The majority of our graduates will go on to spend some time in primary clinical practice as a Vet or Vet Nurse. Data suggests that 100 per cent of surveyed students from our Veterinary Nursing programmes and 97 per cent of surveyed students from the Veterinary BVSc programme were in full-time work or study 6 months after graduating.
Typically, our students will go on into research, industry, education and further training to become specialist Vets and Vet Nurses.
What opportunities are there to study abroad as part of this course?
Veterinary Science students are able to complete extramural studies placements abroad (subject to health and safety assessments). For students who choose to intercalate, some degrees may offer an opportunity to study abroad.
What are the facilities like on campus that students will use to study this course?
The School of Anatomy in Bristol offers comprehensive facilities for practical study including lecture theatres, laboratories, practical teaching spaces and clinical skills lab.
At the Bristol Vet School Langford campus we have:
- a multidisciplinary state-of-the-art small animal referral hospital
- a commercial laboratory
- a commercially-run, high-welfare abattoir
- a sheep and dairy farm
- equine and small animal first-opinion practices
- clinical skills laboratories, teaching spaces, computer rooms and lecture theatres.
How many hours (on average) are required outside of lectures for additional work and study?
You should expect to spend no more than 38 hours per week in total studying. This should include all your lectures, practicals and self-directed study.
It is important to us that you have a good study/life balance while at university. All teaching is carefully planned so that you should be able to succeed on your programmes by studying for 38 hours per week, leaving plenty of time for enjoying sport, music, art or whatever your interests are in your free time.
How do assessments work for the department?

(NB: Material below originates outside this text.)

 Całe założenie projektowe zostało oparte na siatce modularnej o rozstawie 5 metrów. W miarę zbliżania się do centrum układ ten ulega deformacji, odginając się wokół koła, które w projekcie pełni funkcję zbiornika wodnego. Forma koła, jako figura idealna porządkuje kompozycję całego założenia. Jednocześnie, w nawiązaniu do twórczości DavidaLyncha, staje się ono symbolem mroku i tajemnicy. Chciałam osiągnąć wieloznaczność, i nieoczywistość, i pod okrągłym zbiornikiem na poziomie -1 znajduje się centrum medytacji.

The Veterinary Science and Veterinary Nursing programmes are assessed by a range of different methods including:
- multiple choice questions
- short answer written questions
- written coursework
- directed self-education (DSE)
- practical skills examinations (both on models and live animals).
Veterinary Science students are assessed during their final year while on clinical placements for their professional skills and clinical competences.

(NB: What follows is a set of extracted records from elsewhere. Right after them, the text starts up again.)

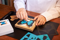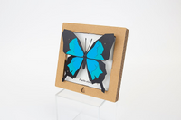 Colorful parts cut with a laser cutter are assembled and finally fixed to a board with art pins to create a finished product that looks like a real specimen.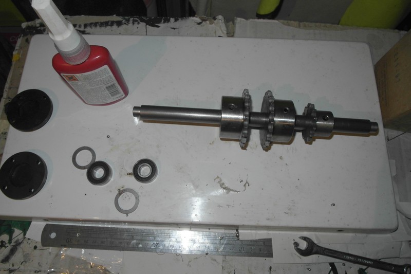Les roues usinées sont montées sur les axes sur un emmanchement cylindrique, afin d’assurer le collage j’ai utilisé de la Loctite (colle 601 ou 638) dite « blocpresse ». Cette colle anaérobie assure idéalement le collage des métaux dans des environnements à faible température d’utilisation (50°C) et non agressifs (à noter qu’il est possible de l’utiliser sur l’alu, mais le montage est moins pérenne…). Evidemment, avant le montage sont placés les pignons qui sont immobilisés par des goupilles….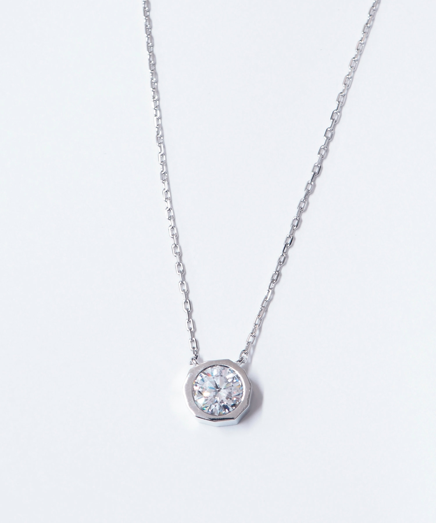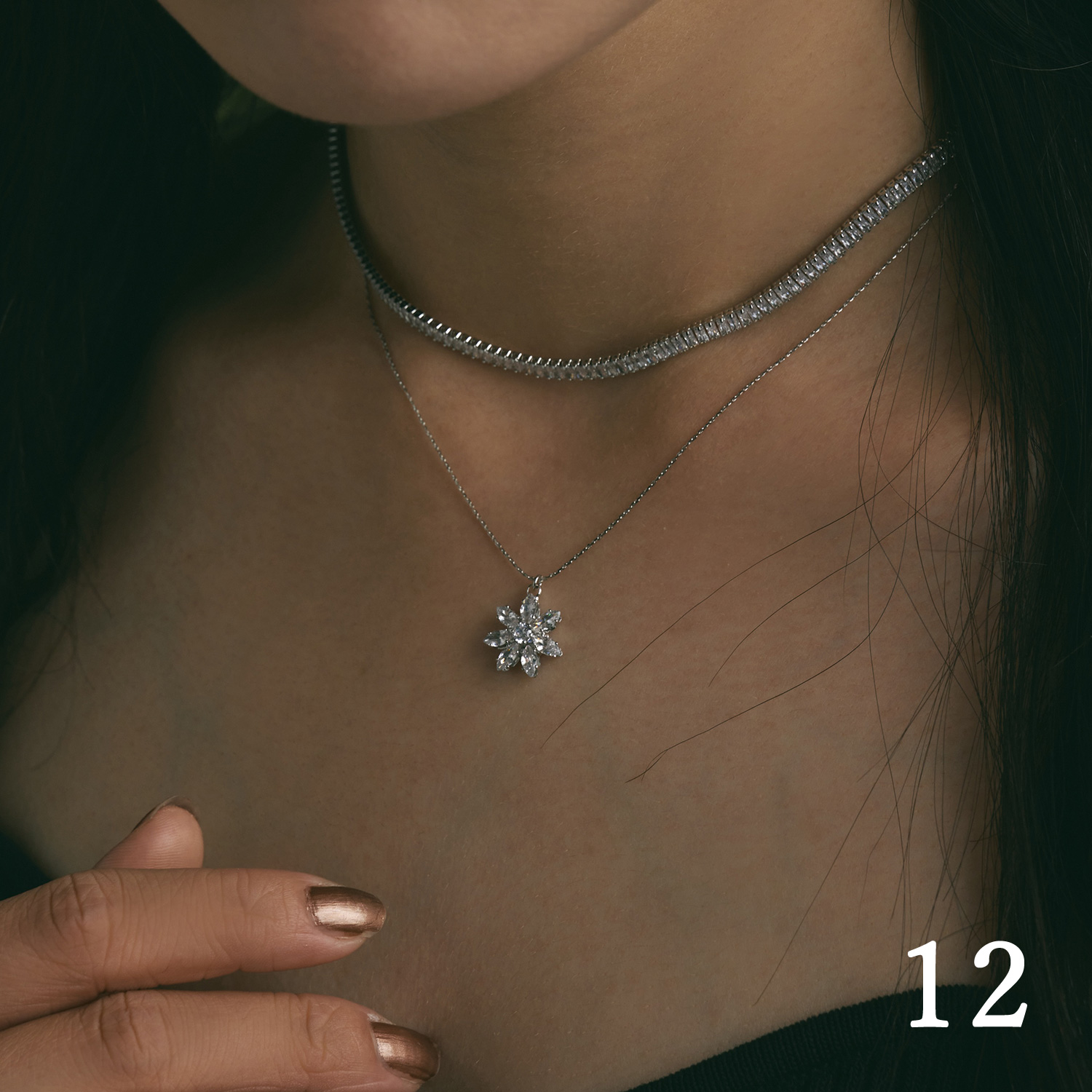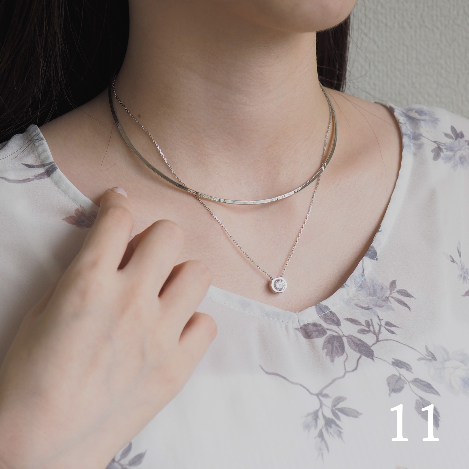 首に沿う長さのチョーカーとVラインを描くペンダントネックレスを組み合わせれば、レディライクな首元コーデが完成します。

To help you understand what you could do to improve as you learn we give you feedback throughout the programme.
What would you say are the main differences between studying at school and study at university?

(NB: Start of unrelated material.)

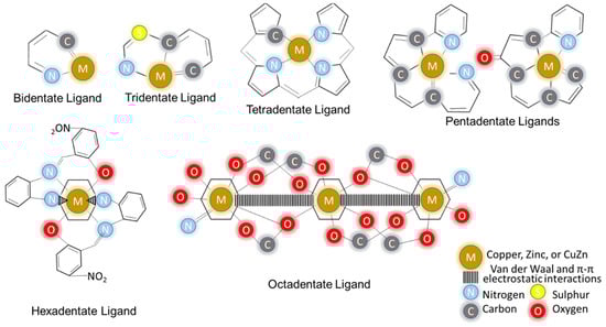 - Loubalová, I.; Kopel, P. Coordination Compounds of Cu, Zn, and Ni with Dicarboxylic Acids and N Donor Ligands, and Their Biological Activity: A Review. Molecules 2023, 28, 1445. [Google Scholar] [CrossRef]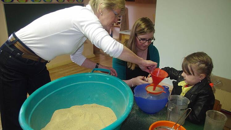 Eine solche Sanduhr konnten die Kinder in einem Workshop in der seit Januar dieses Jahres ins Pfarrheim ausgelagerten Kita nachbauen. Zwei gleich große Flaschen wurden dabei mit einem dünnen Röhrchen miteinander verbunden. Eine der Flaschen wurde mit Sand gefüllt, beim Aufstellen der Uhr rieselte der Sand durch das Röhrchen in den anderen Behälter.

At University, you are encouraged to work both independently and with groups of your peers. You are likely to be taught by many different members of staff and in larger groups than you are used to from school.
We pride ourselves on the friendly, collegiate atmosphere within the vet school and encourage you to interact with staff and your personal tutors so that you are supported in your studies.
You will need to work on finding a study strategy that suits you so that you can balance your academic work and other activities. We want to support you, as future veterinary professionals, to be "lifelong learners" and develop good habits right from the start.
What are examples of final year projects/dissertations that students have worked on when they study this course?
This year, our fourth-year Vet Nursing students completed a wide range of research projects including:
- an in-practice study on the efficacy of hand asepsis using an impregnated brush with chlorhexidine solution compared with an alcohol-based hand rub.
- investigation into the effects of wearing sterile gloves versus non-sterile gloves during the application of 'chloraprep' as a final skin preparation for canine abdominal surgery.
- investigating quality of life in canine cancer patients, and owner experiences with veterinary practices.
Every student can study a topic they are interested in. The final-year veterinary science students submit a case report or literature review on a topic that they have chosen for their elective clinical rotation. There are over 21 elective rotations to choose from.